Communiqué de l’Observatoire de la liberté de création
Depuis plusieurs mois, nous assistons à des actes d’entrave ou de
censure des libertés artistiques. Ils sont de plus en plus souvent
accompagnés d’une ingérence politique qui porte atteinte aux libertés
d’expression, de création et de programmation.
C’est ce qui s’est une nouvelle fois produit le 12 septembre dernier à
Angers lors du festival « Les accroche-cœurs ». Les représentations du
spectacle Les Squames, de la compagnie Kumulus, ont été
perturbées par des individus taxant de racisme une proposition qui
travaille justement sur l’interpellation de chacun sur ses
représentations de l’exclusion, l’intolérance et l’enfermement des
minorités.
Le maire a d’abord voulu annuler les représentations, pour répondre à
des plaintes émanant de réseaux supposés protéger le public d’images
pouvant choquer. Grâce à la mobilisation de l’ensemble des équipes
artistiques programmées et de nombreux spectateurs, ainsi qu’à la
médiation de la direction du festival, la municipalité est revenue sur
cette décision, pour reprogrammer ce spectacle de rue dans un
établissement.
Ce qui s’est passé à Angers pose à nouveau des questions essentielles :
- qu’attend-t-on de l’art, sinon qu’il interroge ?
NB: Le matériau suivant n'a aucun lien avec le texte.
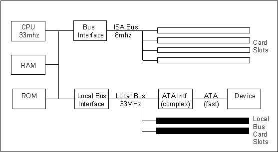 The architecture of modern PCs has changed somewhat from the original PC/ATÔ . As the processor speed increased it became necessary to separate the processor bus from the ISA bus (see figure C.2). To maintain compatibility the ISA bus continues to run at an 8 MHz rate. Processors, and their associated busses, have increased from 8 MHz to 12, 16, 25, and now 33 Mhz.
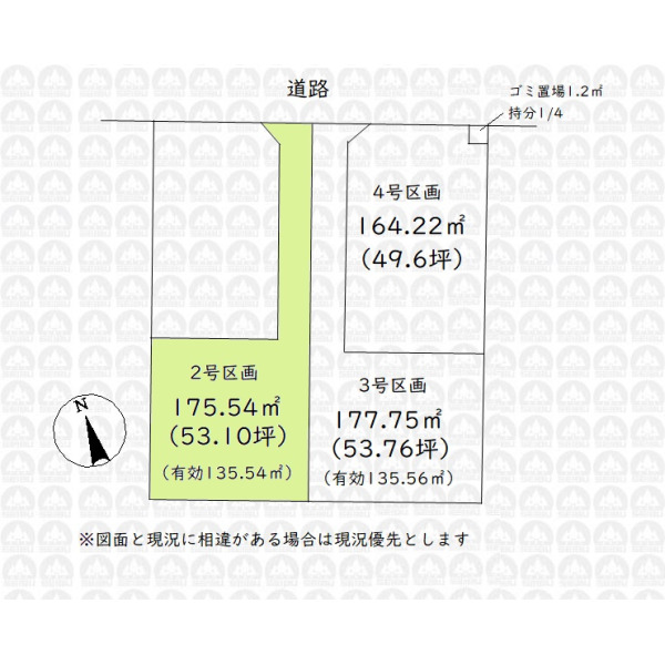 | 土地面積 | 175.54m²(実測) /53.1坪 | 土地権利 | 所有権 |
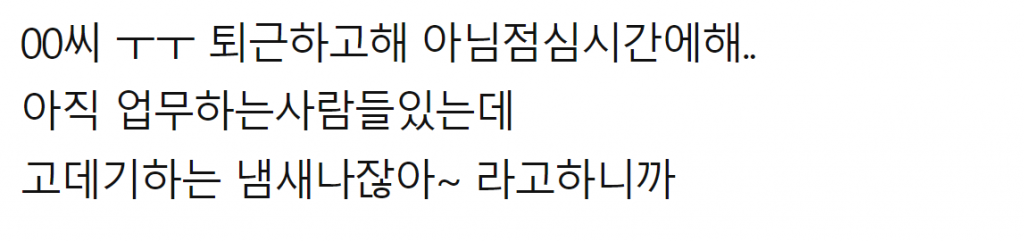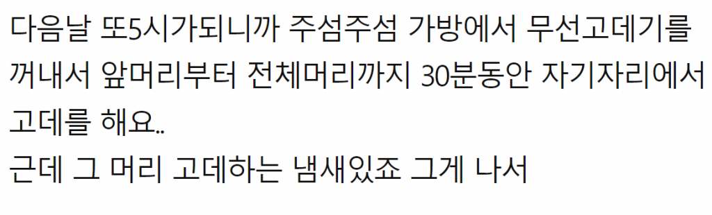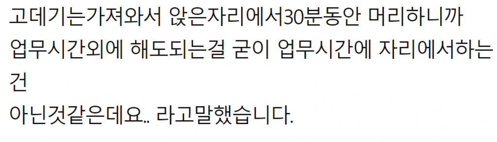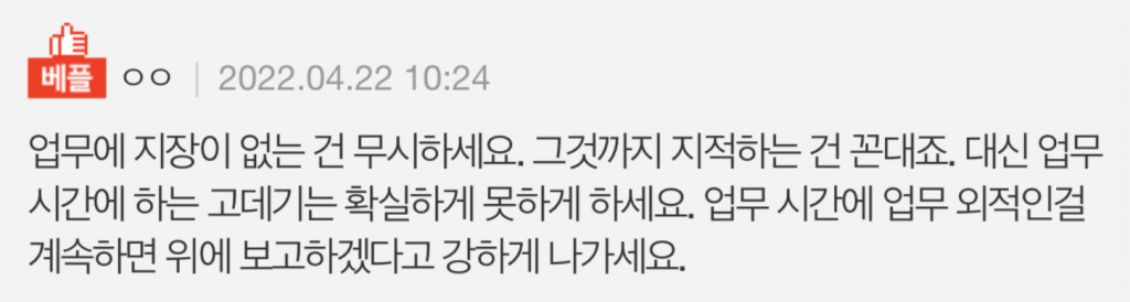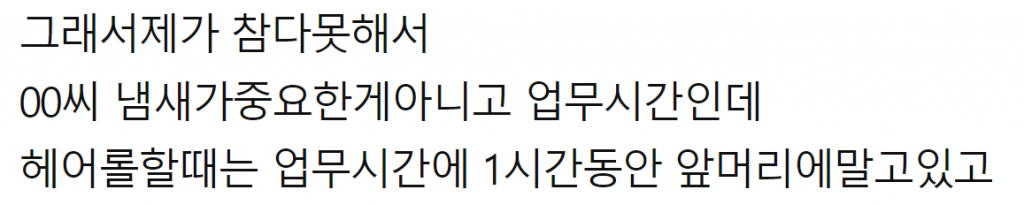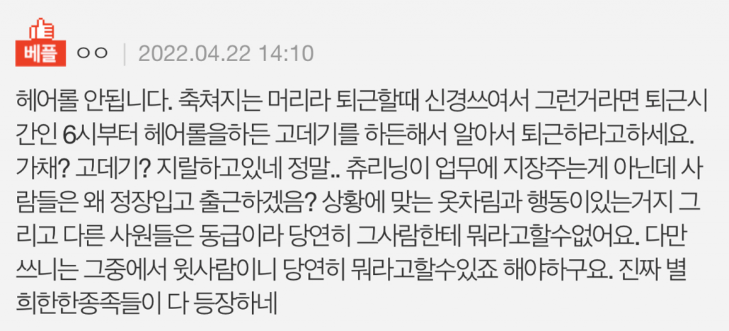 해당 사연을 접한 네티즌들은 “저게 어떻게 꼰대냐. 요즘 것들은 정말 개념이 없다”, “업무에 지장이 없는 건 그냥 무시해라”, “머리는 퇴근 시간 이후에 만지라고 해라”, “집에서 해야할 건 제발 집에서 해라” 등의 반응을 보였다.
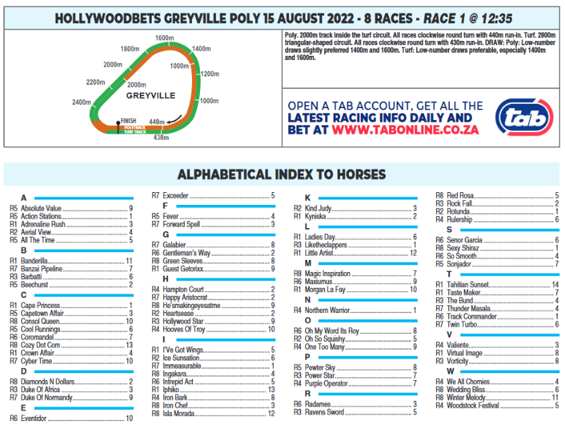 Re: HOLLYWOODBETS GREYVILLE MONDAY 15 AUGUST
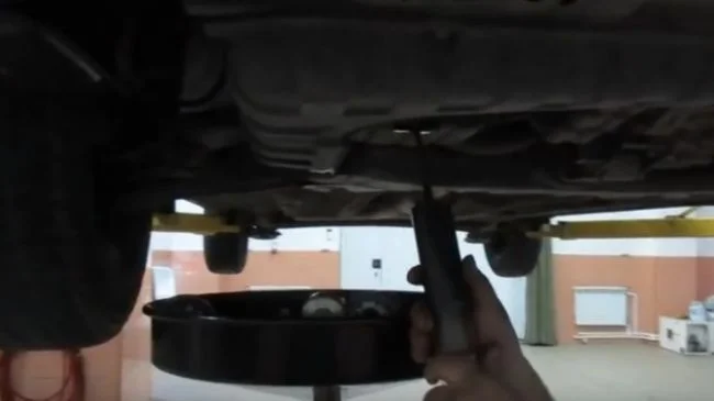 Кроме того сливная пробка картера смотрит в сторону и там образуется карман где остаётся приличное количество масла. Надо одеть на шприц загнутый шланг и откачать таким образом этот остаток. Иначе у вас при замене масла не зайдёт положенный заправочный объём в 3,3 литра.

- l’art est-il exclu désormais de l’espace public, dès lors qu’il dérangerait certains ?
- les métiers de la création et de la diffusion sont-ils soumis au jugement des élus des villes où ils s’exercent ?
- l’exercice des responsabilités de ces élus se fait-il dans
l’urgence des pressions de quelques groupes actifs, d’inspiration
communautariste, idéologique et religieuse ?
Pour nous, ces questions touchent directement aux libertés fondamentales d’une démocratie.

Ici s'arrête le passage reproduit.